Многие слова Инессы звучали загадочно, но самой загадочной была та часть ее жизни, которая началась после монастыря. Тут сама Инесса начинала как-то елозить, проглатывать слова и не на все вопросы отвечала. Если верить ее рассказу, то горбоносый врачеватель еще раз одиннадцать влез к ней в окошко, открытое не для того, чтобы ангелы ее разглядели в густой темноте. И вдруг он исчез. Дойдя до этого момента, Инесса всякий раз начинала злобно плакать и даже слегка скрежетала зубами. По ее версии выходило, что он исчез только потому, что мать-настоятельница начала косо посматривать на согрешившую монахиню и вскоре могла наказать по всей строгости.

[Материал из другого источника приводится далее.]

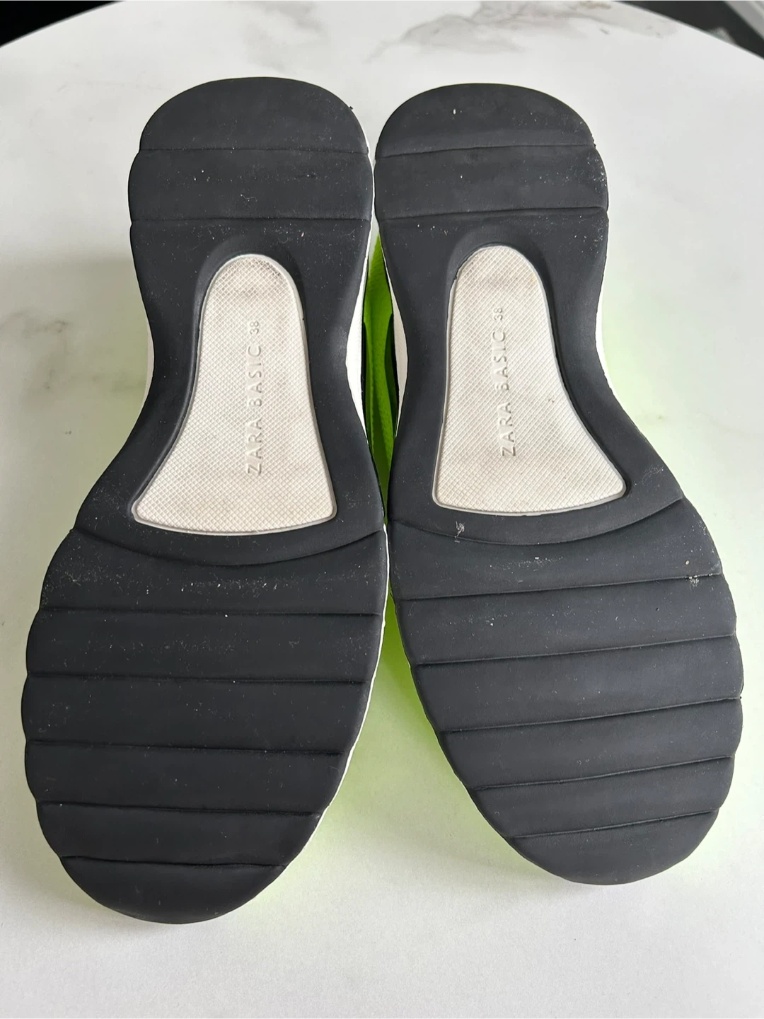 These Zara slip-on sneakers are a vibrant neon green! size 7.5. These shoes are perfect for adding a pop of colour to any outfit

– А что же они могли сделать с тобой?
– Схватили бы, голую, дали бы плетку. Потом на бревно, на мороз. И сиди. А как начнет колокол бить, так ты плеткой себя и стегай по спине. Да крепко стегай, чтоб рубцы оставались!
– И сколько стегать?
– Ну, уж это как скажут. Одна настоятельница и решает. А чаще всего у самой этой грешницы как будто рассудок мутится. Стегает она и кричит от восторга.
– Кричит? Что кричит?
– Никогда не поверишь! «Не больно! Не больно! Сильнее хочу!» Хохочет при этом и рожи всем строит.
Катерина осеняла себя размашистым крестом. Казалось, что у нее нет ни сил, ни охоты расспрашивать дальше, но молчание продолжалось недолго:
– Так он потому и сбежал? Спас тебя?
Тут Инесса отводила глаза и так яростно начинала месить свое тесто, словно это была жирная спина неизвестного врага, который наконец-то оказался у нее в руках. При этом она говорила негромко и как-то нарочно рассказ замедляла.